To control the layout of a struct you need to use InteropServices, so add:
using System.Runtime.InteropServices;The struct’s layout is controlled by a StructLayout attribute. For example:
[StructLayout(LayoutKind.Sequential)] public struct struct1 { public byte a; // 1 byte public int b; // 4 bytes public short c; // 2 bytes public byte d; // 1 byte }…forces the compiler to assign the structure sequentially as listed in the definition, which is what it does by default. Other values of LayoutKind are Auto, which lets the compiler determine the layout, and Explicit, which lets the programmer specify the size of each field. Explicit is often used to create sequential memory layouts with no packing, but in most cases it is simpler to use the Pack field. This tells the compiler exactly how to size and align the data that makes up the fields. For example, if you specify Pack=1 then the struct will be organised so that each field is on a byte boundary and can be read a byte at a time – i.e. no packing is necessary. If you change the definition of the struct to:
[StructLayout(LayoutKind.Sequential, Pack=1)] public struct struct1
…you will discover that it is now 8 bytes in size, which corresponds to the fields being laid out in memory sequentially with no packing bytes. This is what you need to work with most of the structures defined in the Windows API and C/C++. In most cases you don’t need to use other values of Pack. If you do set Pack=2 then you will find that the size of the struct is now 10 bytes because a byte is added to each of the byte fields to make the entire struct readable in 2-byte chunks. If you set Pack=4 then the size increases to 12 bytes to allow the entire struct to be read in blocks of 4 bytes. After this nothing changes because the pack size is ignored once it is equal to or larger than the alignment used for the CPU – which is 8 bytes for the Intel architecture. The layout of the struct for different pack sizes can be seen in Figure 1.
Figure 1: The effect of pack size on layout
It is also worth mentioning that you can modify the way a struct is packed by simply reordering its fields. For example, by changing the field ordering to:
public struct struct1 { public byte a; // 1 byte public byte d; // 1 byte public short c; // 2 bytes public int b; // 4 bytes }
…the struct doesn’t need packing and occupies just 8 bytes without the need for any intervention.

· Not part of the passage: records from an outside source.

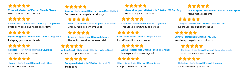Recebemos avaliações positivas de pessoas que já compraram e tiveram uma boa experiência com nossos perfumes e atendimento.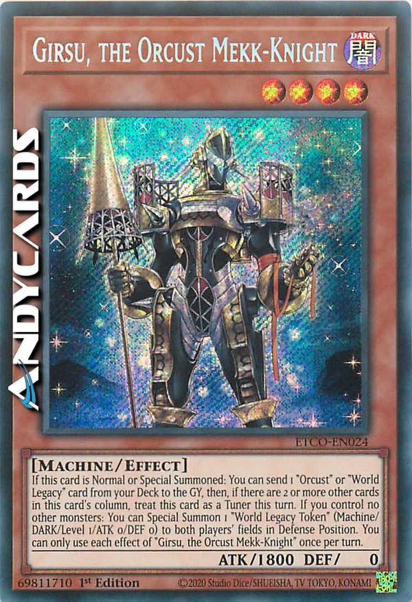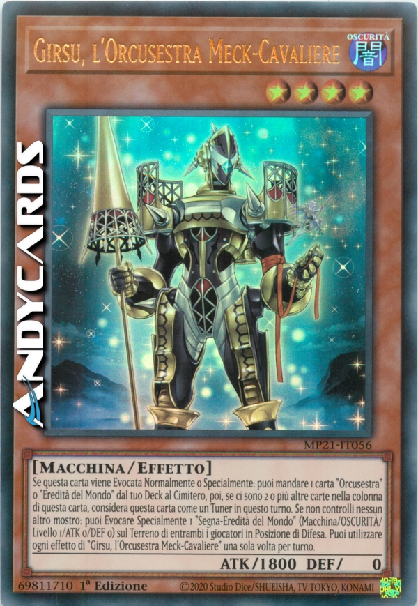 Se questa carta viene Evocata Normalmente o Specialmente: puoi mandare 1 carta "Orcusestra" o "Eredità del Mondo" dal tuo Deck al Cimitero, poi, se ci sono 2 o più altre carte nella colonna di questa carta, considera questa carta come un Tuner in questo turno. Se non controlli nessun altro mostro: puoi Evocare Specialmente 1 "Segna-Eredità del Mondo" (Macchina/OSCURITÀ/Livello 1/ATK 0/DEF 0) sul Terreno di entrambi i giocatori in Posizione di Difesa. Puoi utilizzare ogni effetto di "Girsu, l'Orcusestra Meck-Cavaliere" una sola volta per turno.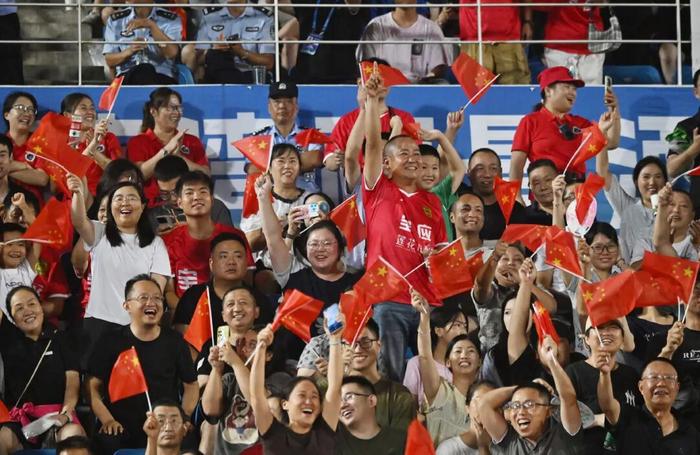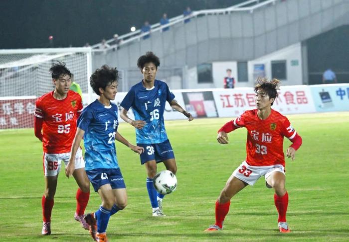 热闹要数宝应主场作战 。但见榆林球迷挥动丈八旗幡,万余人齐声呐喊“宝应包赢”!33分钟,宝应队33号王康伟率先破门;77号孙逸文连进两球,10号杨杰锦上添花,最后18号郭伟锁定胜局。六比零的比分配上震天助威声,真的是“主场作战 龙遇风云便化蛟”!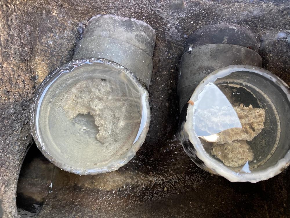 キッチンから流れた油脂分が排水管内で冷却・固化し、蓄積して堆積物(脂の塊)となります。これにより異臭や通水不良が発生します。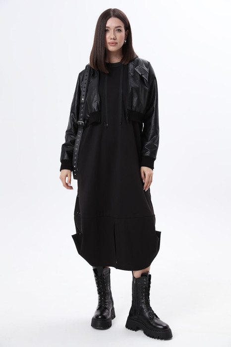 Комплект, состоящий из куртки и трикотажного платья. Платье прямого силуэта , свободного объема, рукав втачной со спущенной линией плеча. По бокам платья расположены карманы и разрезы.По низу переда и спинки разрезы. Также, низ платья по бокам можно регулировать по длине за счет шнуровки и регуляторов. На перед платья настрочены молнии, на которые застегивается съемная куртка. Куртка длинной до талии, крой рукава реглан.По переду расположены клапаны, воротник-стойка. Куртку съемная, ее можно надеть отдельно от платья.  СОВЕТ ОТ СТИЛИСТА: для дерзкого образа сочетайте комплект с грубыми ботинками и массивной сумкой. Для повседневного стиля отлично подойдут кеды или кроссовки.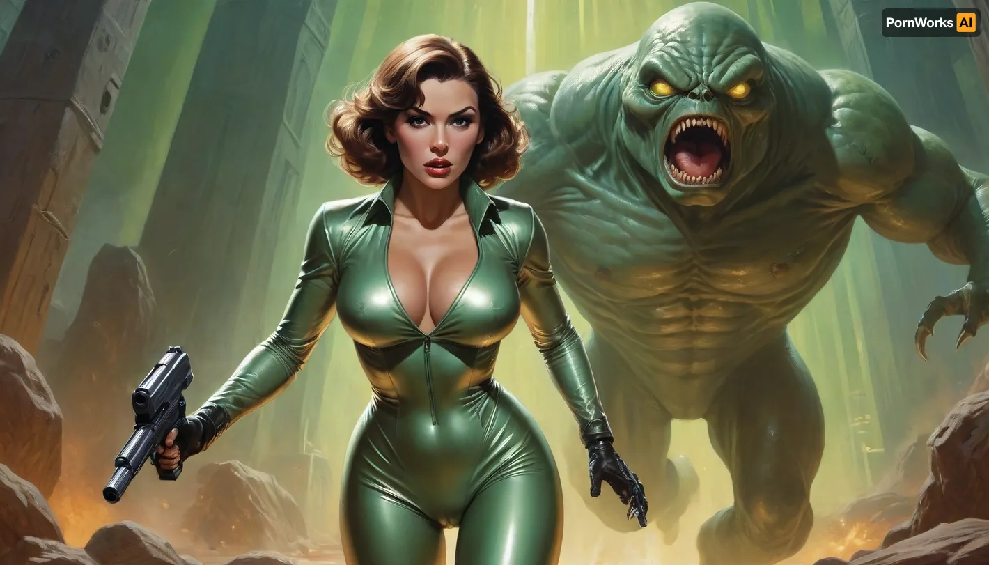 Richard Hescox style, full portrait view of a tempting and beautiful futuristic space maiden with huge breasts wearing a shiny suit and holding a rifle pistol with a horrified and shocked look on her face, she is running away from a giant glowing creature with a bulbous fluid eye, against the background of a dark and dank alien dungeon, by Adam Hughes, by Bill Ward, wide angle, super high angle, top view, bird's eye view, backglow, dynamic lighting, wet, greasy, green backlit, <lora:Richard Hescox Style:1>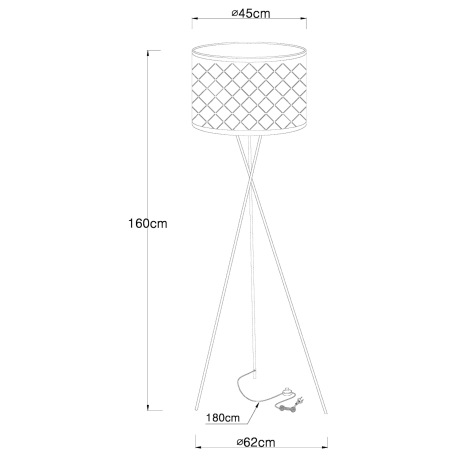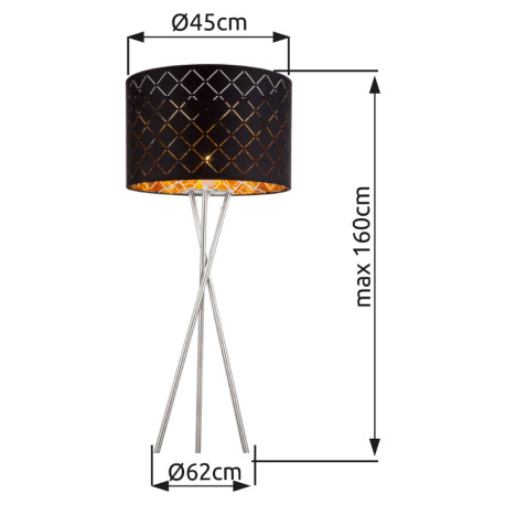 Stojanové svietidlo, kov nikel matný, textil čierny a zlatý, tienidlo s ozdobným dierovaním, kábel 1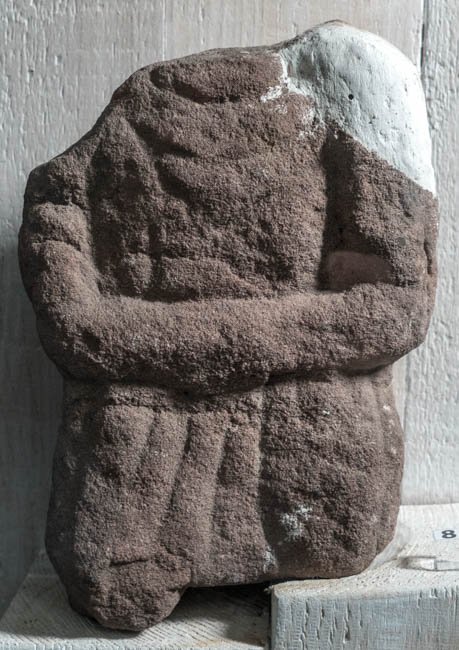 - Torso einer stehenden bekleideten Figur mit vor dem Leib verschränkten Armen (Attis ?).
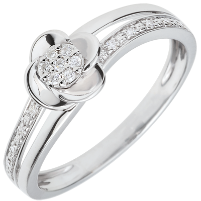Petalele acestui trandafir sunt deschise spre o inimă de diamante pentru eternitate. Un inel de logodnă din aur alb proaspăt şi feminin.
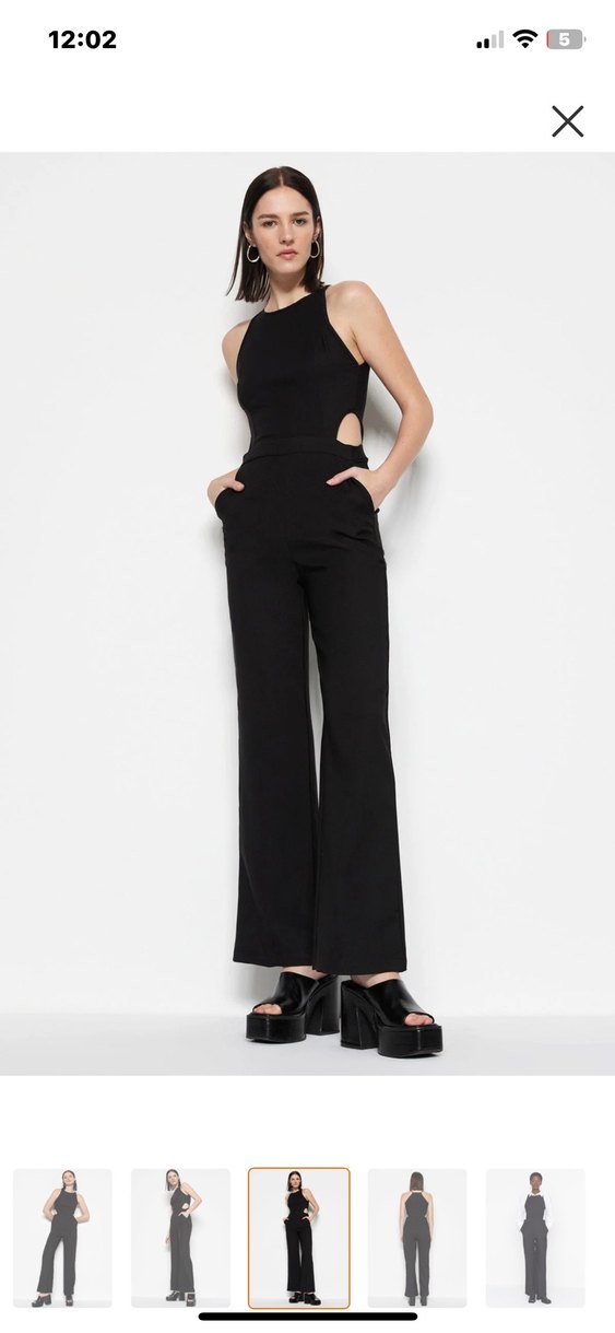 Pek belli olmayan renk farklılıkları var . Siyah, yüksek yakalı ve kolsuz bu dar kesim tulum yanlarda yırtmaç detayına sahip, minimalist ve modern bir ofis tarzı sunar.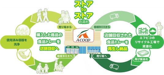 JAわかやまAコープの店舗では、お客様が使い終わった食品トレーやペットボトルを回収ボックスで回収しております。回収された大切な資源は、エフピコで「エコトレー」などのエコ製品※2へと生まれ変わります。そして、生まれ変わったエコ製品が再びJAわかやまAコープの売り場で使われることで、お店を発着点とする「ストアtoストア」の水平リサイクルを実現しています。

If you really do want to specify the space allocated to any particular field you can use Exact. For example:
[StructLayout(LayoutKind.Explicit)] public struct struct1 { [FieldOffset(0)] public byte a; // 1 byte [FieldOffset(1)] public int b; // 4 bytes [FieldOffset(5)] public short c; // 2 bytes [FieldOffset(7)] public byte d; // 1 byte }
…produces an 8-byte struct without any padding bytes. In this sense it is equivalent to Pack=1 which is much simpler to use. However Explicit really does give you complete control should you need it. For example:
[StructLayout(LayoutKind.Explicit)] public struct struct1 { [FieldOffset(0)] public byte a; // 1 byte [FieldOffset(1)] public int b; // 4 bytes [FieldOffset(10)] public short c; // 2 bytes [FieldOffset(14)] public byte d; // 1 byte }
…produces a 16-byte struct with extra bytes following the b field. Until C# 2.0 the main use of an Explicit layout was to provide fixed length buffers for use in DLL calls, for example. You simply cannot declare a fixed size array within a struct because initialising fields isn’t permitted. That is:
public struct struct1 { public byte a; public int b; byte[] buffer = new byte[10]; public short c; public byte d; }
…generates an error. If you want a 10-byte buffer one way of doing it is:
[StructLayout(LayoutKind.Explicit)] public struct struct1 { [FieldOffset(0)] public byte a; [FieldOffset(1)] public int b; [FieldOffset(5)] public short c; [FieldOffset(8)] public byte[] buffer; [FieldOffset(18)] public byte d; }
This leaves a block of 10 bytes for the buffer. There are a number of interesting points in this declaration. The first is, why use an offset of 8? The reason is that you can’t start an array on an odd address boundary. If you use 7 you will see a runtime error informing you that the struct cannot be loaded because of an alignment problem. This is important because it means you can cause problems by using Explicit if you don’t know what you are doing. The second is that the entire struct has additional bytes added to the end to bring its size up to a multiple of 8 bytes. The compiler still gets involved with memory allocation. In practice, of course, any external structure that you are trying to convert to a C# struct should be correctly aligned and the problem shouldn’t arise.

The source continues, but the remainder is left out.